Then, we can use sed to add the header:
sed -i '1i\#SourceID ...' results.tmp
Log and awk
When using the log function of awk, then what we get as a result is the natural logarithmic of the input, like:
...$ awk 'BEGIN{print log(100)}'
...$ 4.60517
So in order to obtain the logarithm of base 10 (or any other base), we just need to divide the result with the logarithm of the base, like:
...$ awk 'BEGIN{print log(100)}/log(10)'
...$ 2
External variable inside awk
Sometimes, a variable may be needed to get inside awk (for or while loop for example).
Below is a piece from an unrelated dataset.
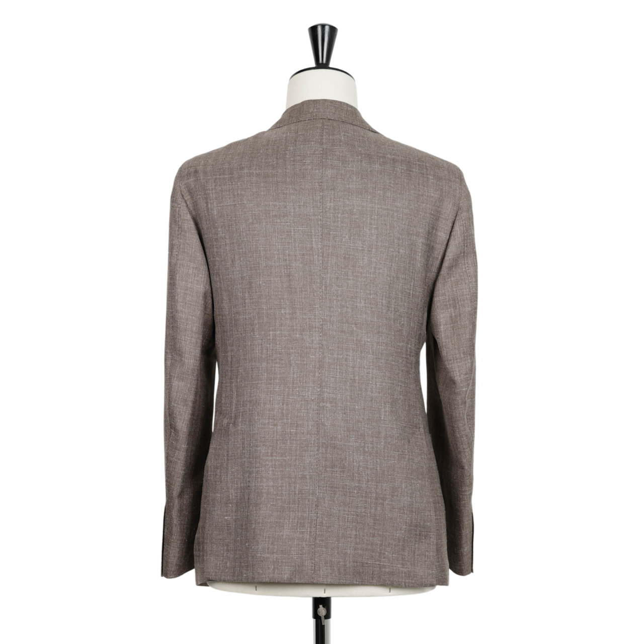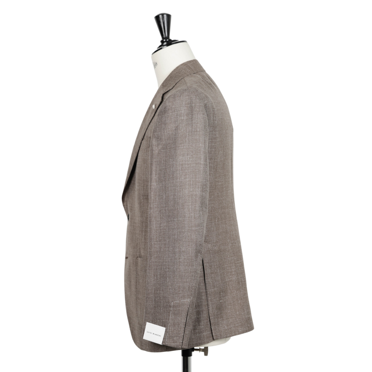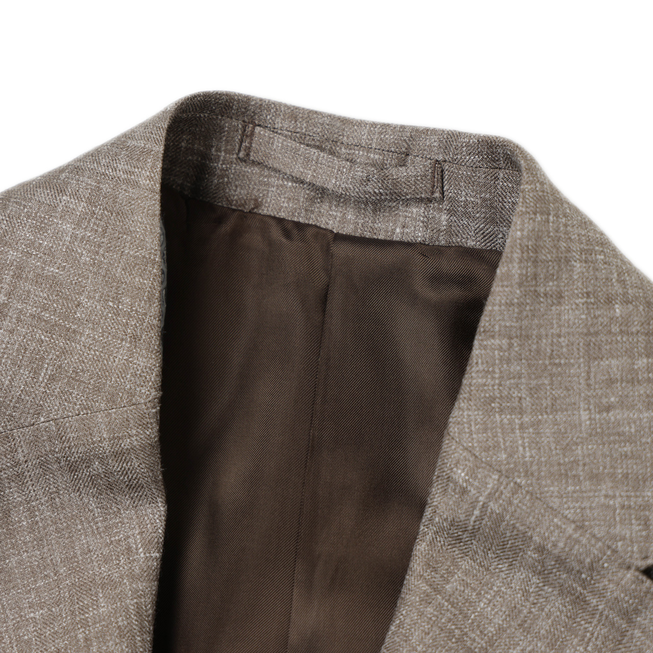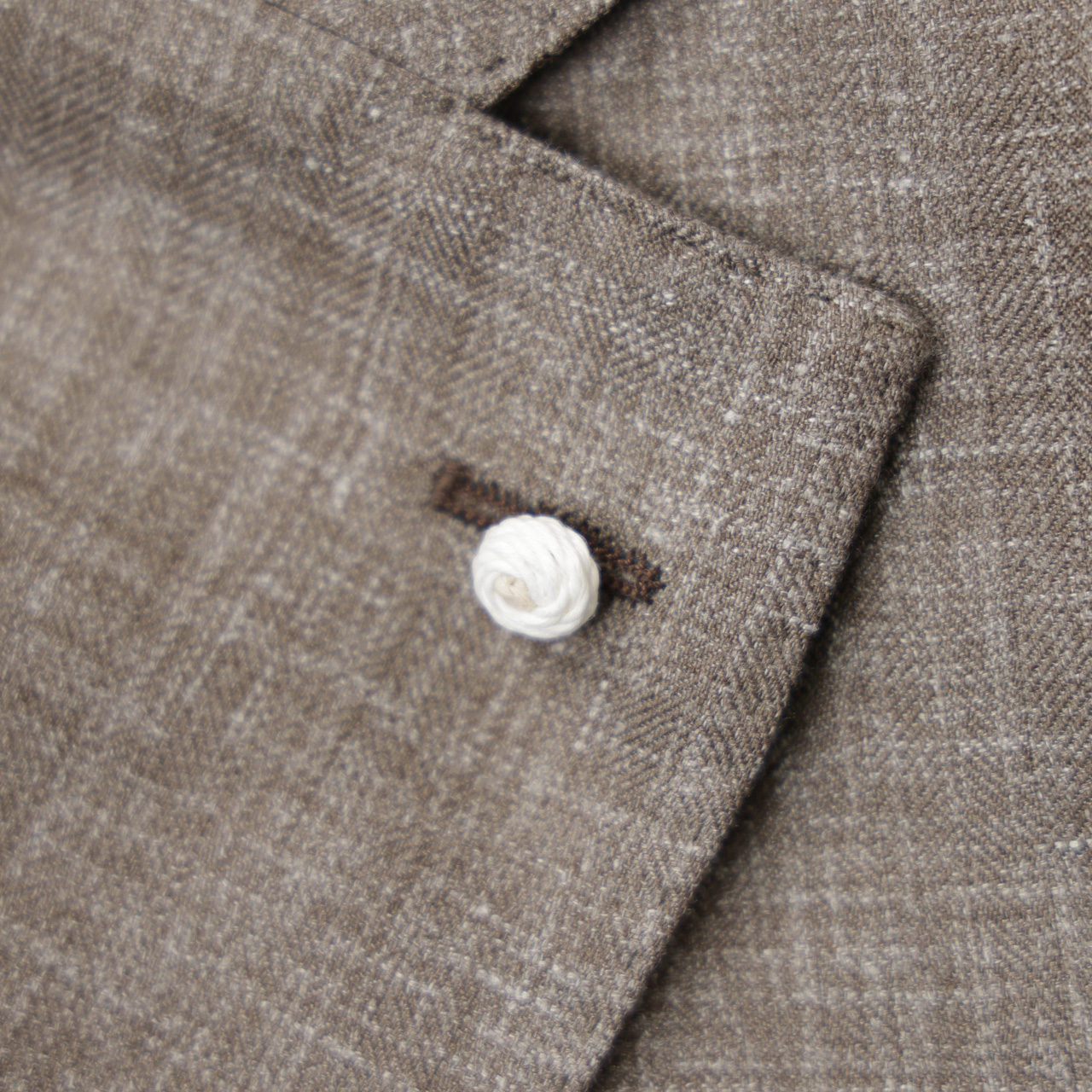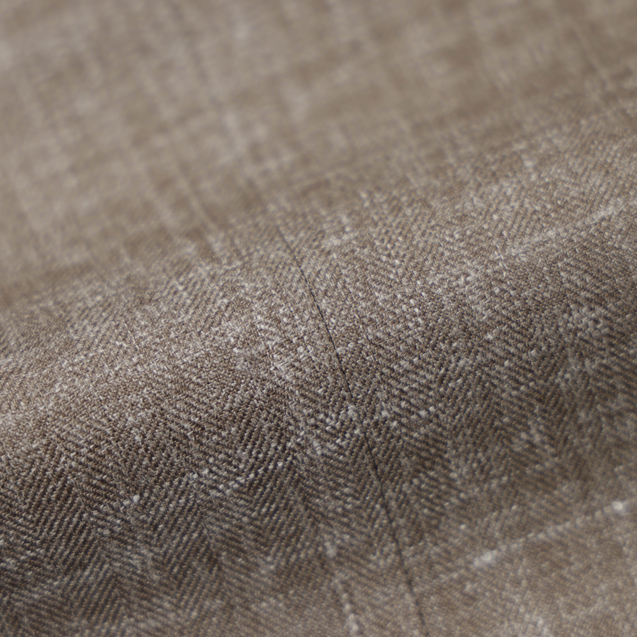 素材はウール、シルク、リネンの3者混地。ソフトで滑らかな上質素材を組み合わせた生地は非常に肌触りも滑らかで素材本来の艶も感じられる風合いに仕上がっております。アンコン仕立てになっておりますのでこの生地の良さをよりダイレクトに感じていただける上に、ソフトに体を包み込む感覚を味わっていただけます。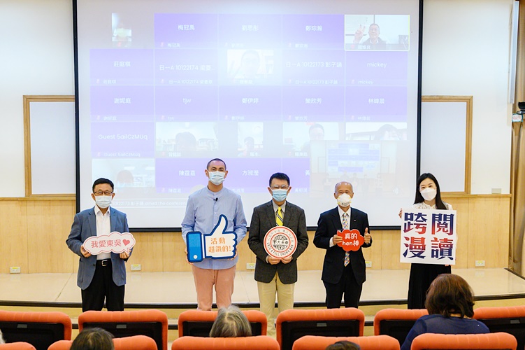 本校圖書館舉辦以「跨閱.漫讀:臺、法漫畫中的文化對話」為主題的一系列線上書展,以臺、法漫畫為主軸,分別有「飲食生活攻略」、「社會政治映照」、「環保行動覺醒」及「藝術美學想望」四大面向,希望讀者能夠以新穎的角度展開對漫畫的新視野。其中呼應「飲食生活攻略」主題,於111年5月18日在外雙溪校區普仁堂舉辦實體及線上同步講座,重磅邀請國際名廚江振誠先生,分享個人從料理中領會到的真髓,以及從臺灣這片土地展開的初心。聆聽講座師生眾多,潘維大校長、趙維良副校長、董保城副校長及前駐法代表處呂慶龍特任大使均一同參與這場知識與美食饗宴。

In order to pass the variable inside awk, include it like:
awk -v i=$i '{ .. }' test
Mean value and standard deviation of a column using awk
In order to get the mean value of column 1 (or any other) you type:
$ awk 'BEGIN{s=0;}{s=s+$1;}END{print s/NR;}' file
In order to get the standard deviation of column 1 you type:
$ awk '{sum+=$1; sumsq+=$1*$1} END {print sqrt(sumsq/NR - (sum/NR)^2)}' file
or
$ awk '{delta = $1 - avg; avg += delta / NR; mean2 += delta * ($1 - avg); } END { print sqrt(mean2 / NR); }' file
The second option is working better with large numbers of data, without having the possibility for overflow.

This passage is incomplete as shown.